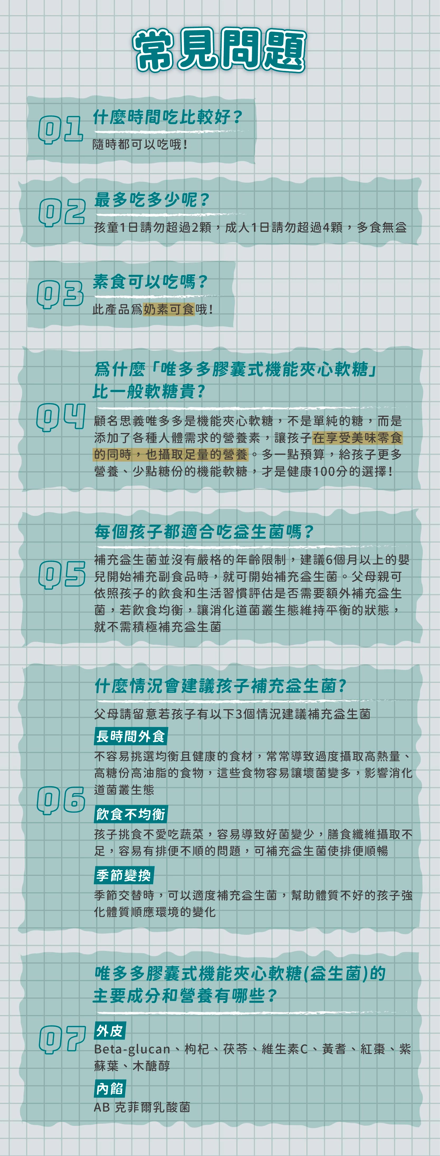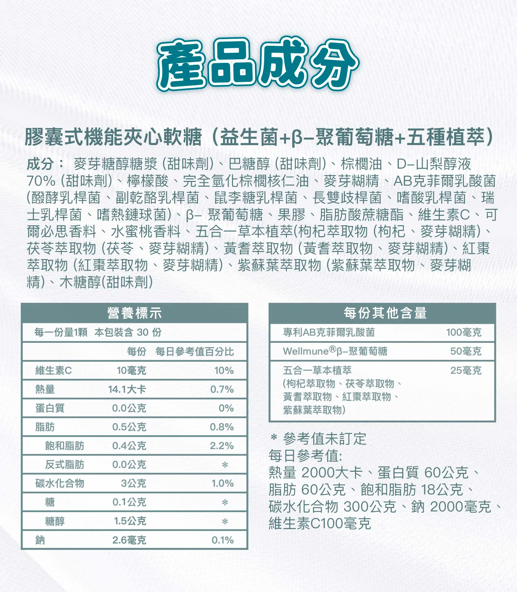 4.本產品含有AB克菲爾乳酸菌(牛奶及大豆來源),成人一日請勿超過5顆,多食無益。
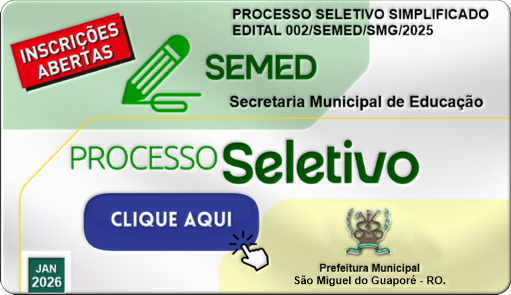 O Município de São Miguel do Guaporé – RO, por meio da Secretaria Municipal de Educação (SEMED), torna pública a realização do Processo Seletivo Simplificado para Contratação Emergencial de Profissionais da Educação por Tempo Determinado.
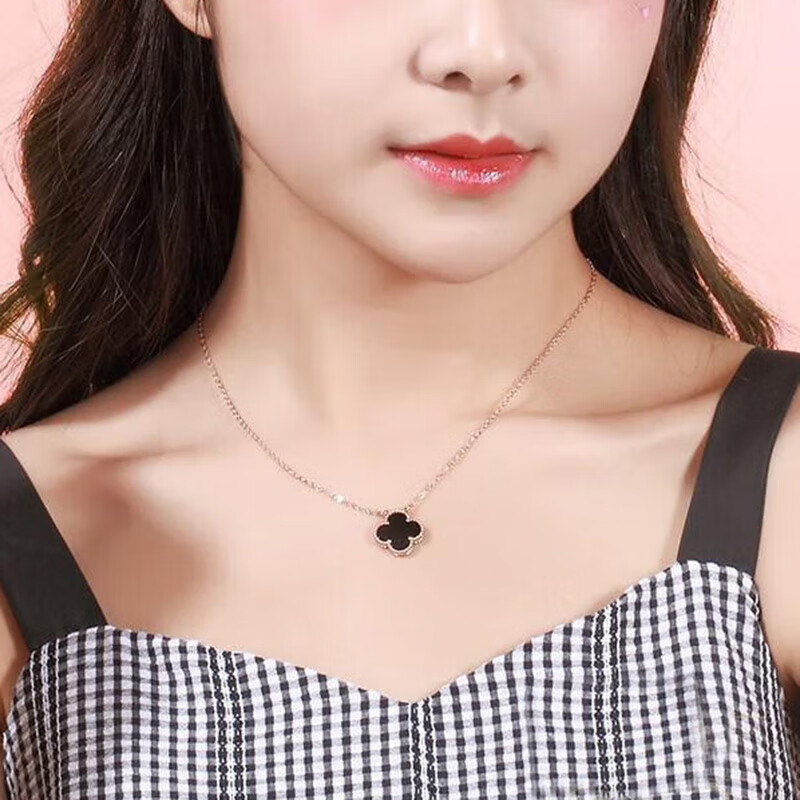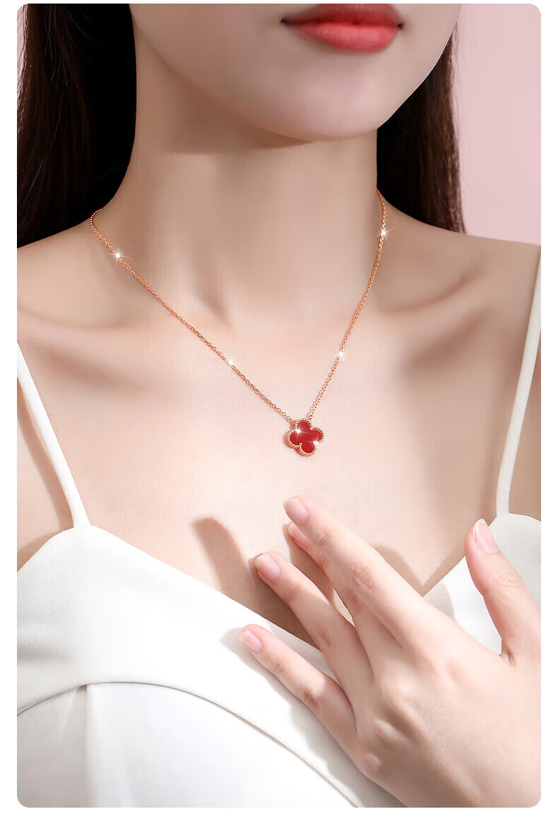 Fafanxi light luxury four-leaf clover necklace for women 18K rose gold practical heart-shaped Mother's Day 520 Valentine's Day gift for girlfriend Four-leaf clover necklace (red agate / diamond on the back)

★ ★ ★ ★ ★ ★ ★

| Requirement |
Retype the whole listing above exactly as written. Skip the pictures.

| Written solution |
 4.本產品含有AB克菲爾乳酸菌(牛奶及大豆來源),成人一日請勿超過5顆,多食無益。
 O Município de São Miguel do Guaporé – RO, por meio da Secretaria Municipal de Educação (SEMED), torna pública a realização do Processo Seletivo Simplificado para Contratação Emergencial de Profissionais da Educação por Tempo Determinado.
 Fafanxi light luxury four-leaf clover necklace for women 18K rose gold practical heart-shaped Mother's Day 520 Valentine's Day gift for girlfriend Four-leaf clover necklace (red agate / diamond on the back)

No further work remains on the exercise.